■ **How to complete this task**: What is needed is a verbatim copy of the data, minus the pictures.

■ **Source material**:
● ● ● ●

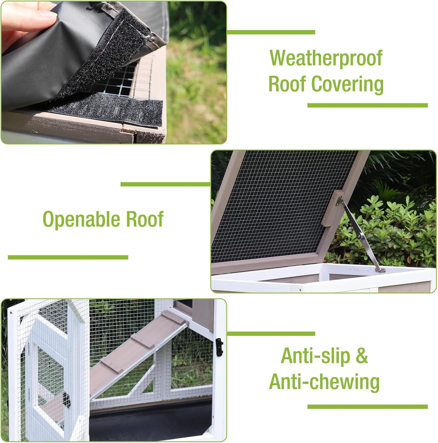 - Indoor and Outdoor: The openable roof allows for easy feeding and interaction. Plus, the waterproof covering shields your pet from the weather and offers shade, making this hutch perfect for both indoor and outdoor use
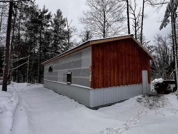 Discover the perfect canvas for your new up north cottage or home! This property boasts a newly constructed storage building crafted with sturdy Post and Frame Construction, meticulously placed upon a crawl foundation. Its exterior showcases a harmonious blend of finished wood and metal siding, crowned with a resilient steel roof, ensuring longevity and durability. Park your vehicle in the spacious garage that boasts 9x12 insulated garage door. Accessing this haven is effortless, thanks to the well-laid access drive. Inside find an open interior, beckoning your creative flair to transform it into your ideal living space. Furthermore, with the potential to be reclassified for residential use, pending the installation of essential utilities such as Septic, Well, and Electrical, this property offers versatility and opportunity. Crawl space has vapor barrier down. Adjacent power lines and access to fiber-optic internet infrastructure ensure seamless connectivity, catering to modern lifestyle needs with ease and efficiency. Size of interior 24x40 (960 sq ft).Enjoy what Wolverine has to offer! Close to Wildwood Lake, Snowmobile and ATV trails and lots of State Ground. (Note: Interior dimensions 24'W x 40'L) Call today.
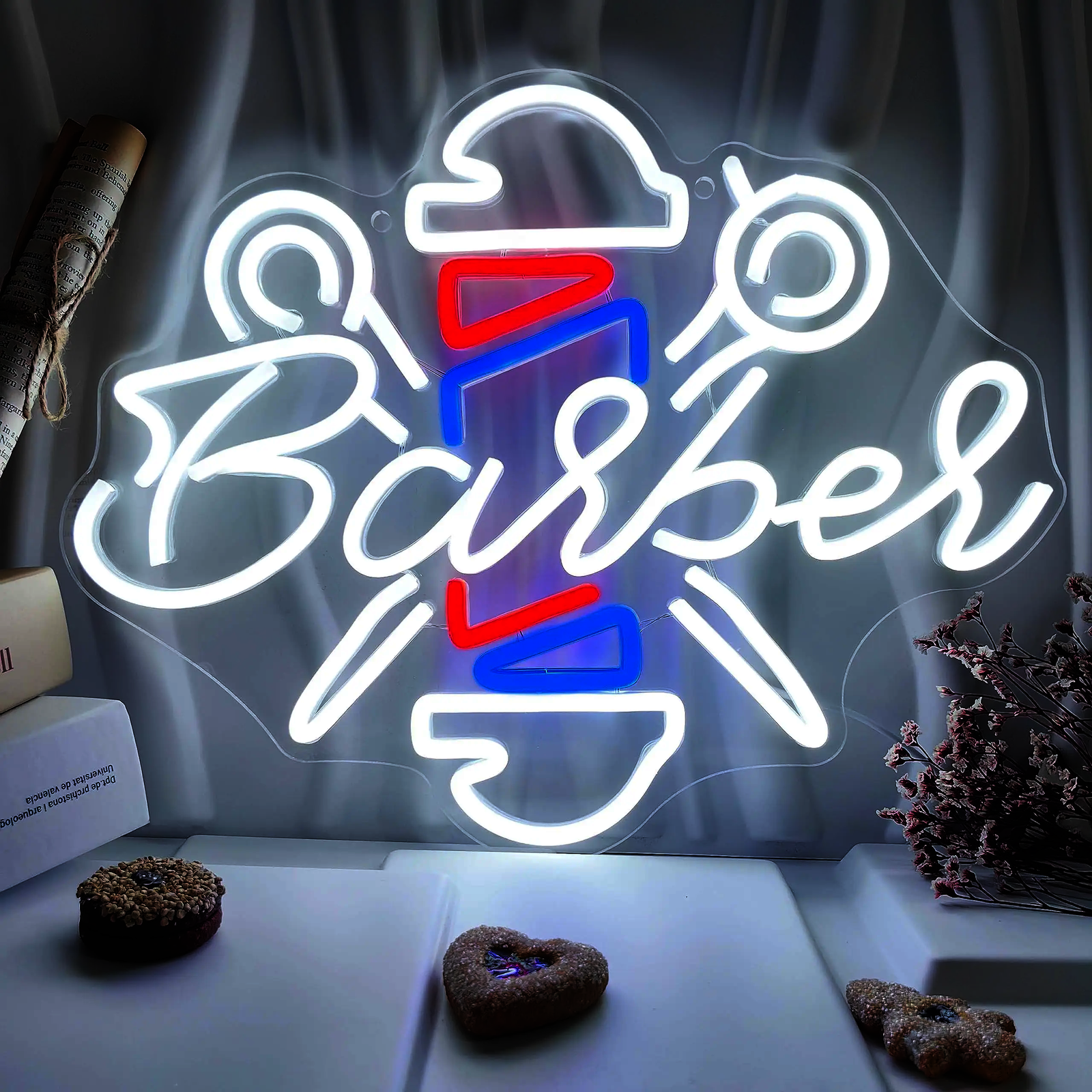 Le Néon Barbier capture l’essence vintage d’un salon de coiffure traditionnel.
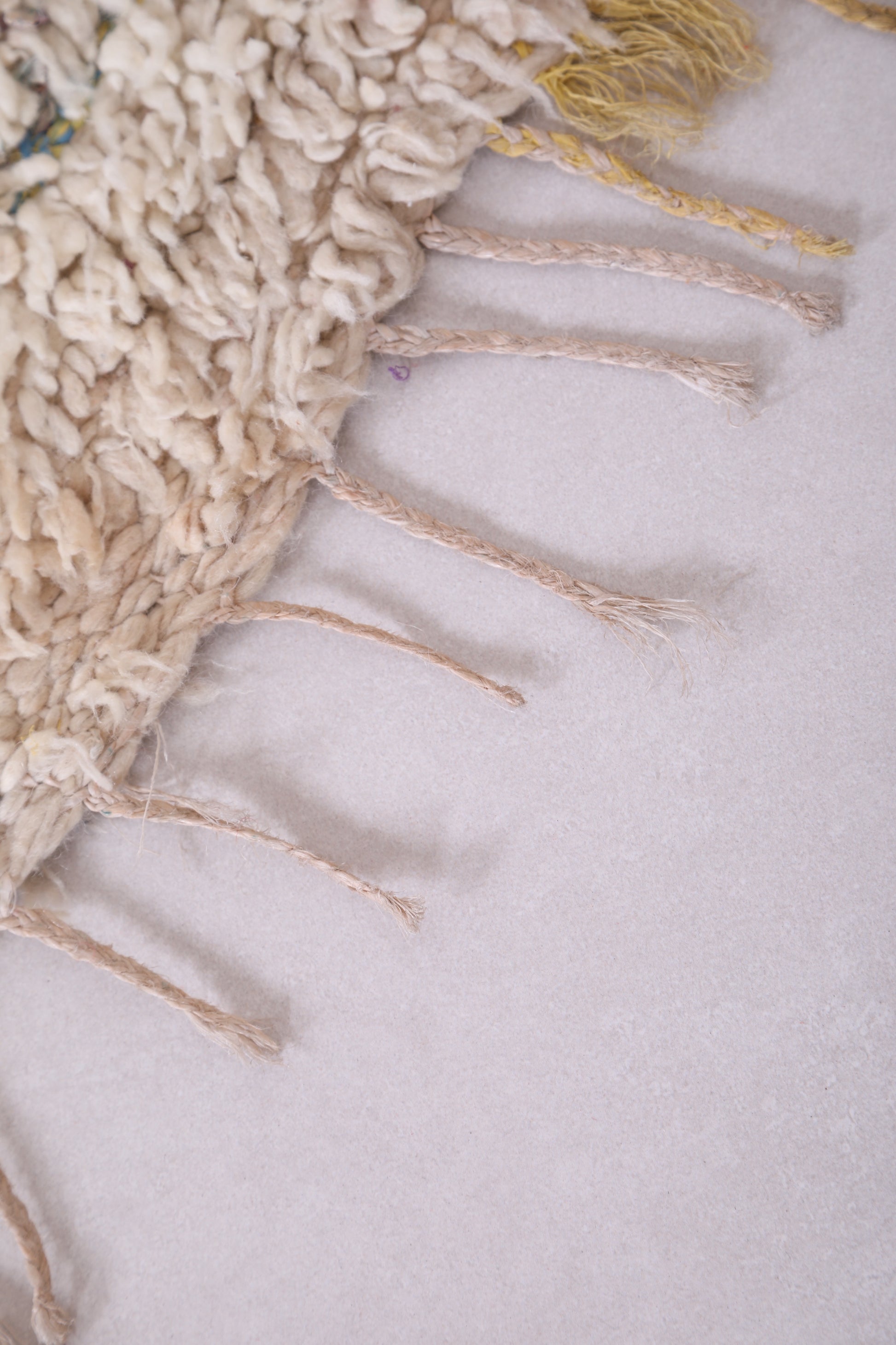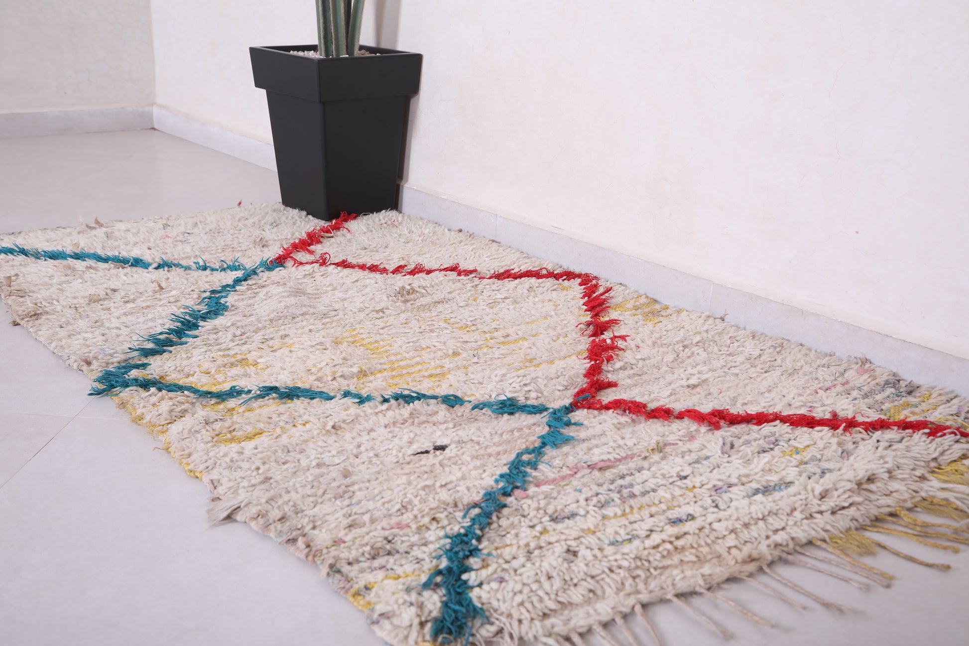 This 3.2 x 5.8 feet Moroccan rug features a minimalist design with bold colorful accents in red, blue, and yellow, creating a vibrant contrast against the neutral background. Handwoven with care, this rug blends traditional craftsmanship with a contemporary feel, making it a perfect statement piece for entryways, living rooms, or small spaces. Its soft texture and unique design enhance both modern and rustic interiors.

● ● ● ●

■ **Output of the exercise**:
 - Indoor and Outdoor: The openable roof allows for easy feeding and interaction. Plus, the waterproof covering shields your pet from the weather and offers shade, making this hutch perfect for both indoor and outdoor use
 Discover the perfect canvas for your new up north cottage or home! This property boasts a newly constructed storage building crafted with sturdy Post and Frame Construction, meticulously placed upon a crawl foundation. Its exterior showcases a harmonious blend of finished wood and metal siding, crowned with a resilient steel roof, ensuring longevity and durability. Park your vehicle in the spacious garage that boasts 9x12 insulated garage door. Accessing this haven is effortless, thanks to the well-laid access drive. Inside find an open interior, beckoning your creative flair to transform it into your ideal living space. Furthermore, with the potential to be reclassified for residential use, pending the installation of essential utilities such as Septic, Well, and Electrical, this property offers versatility and opportunity. Crawl space has vapor barrier down. Adjacent power lines and access to fiber-optic internet infrastructure ensure seamless connectivity, catering to modern lifestyle needs with ease and efficiency. Size of interior 24x40 (960 sq ft).Enjoy what Wolverine has to offer! Close to Wildwood Lake, Snowmobile and ATV trails and lots of State Ground. (Note: Interior dimensions 24'W x 40'L) Call today.
 Le Néon Barbier capture l’essence vintage d’un salon de coiffure traditionnel.
 This 3.2 x 5.8 feet Moroccan rug features a minimalist design with bold colorful accents in red, blue, and yellow, creating a vibrant contrast against the neutral background. Handwoven with care, this rug blends traditional craftsmanship with a contemporary feel, making it a perfect statement piece for entryways, living rooms, or small spaces. Its soft texture and unique design enhance both modern and rustic interiors.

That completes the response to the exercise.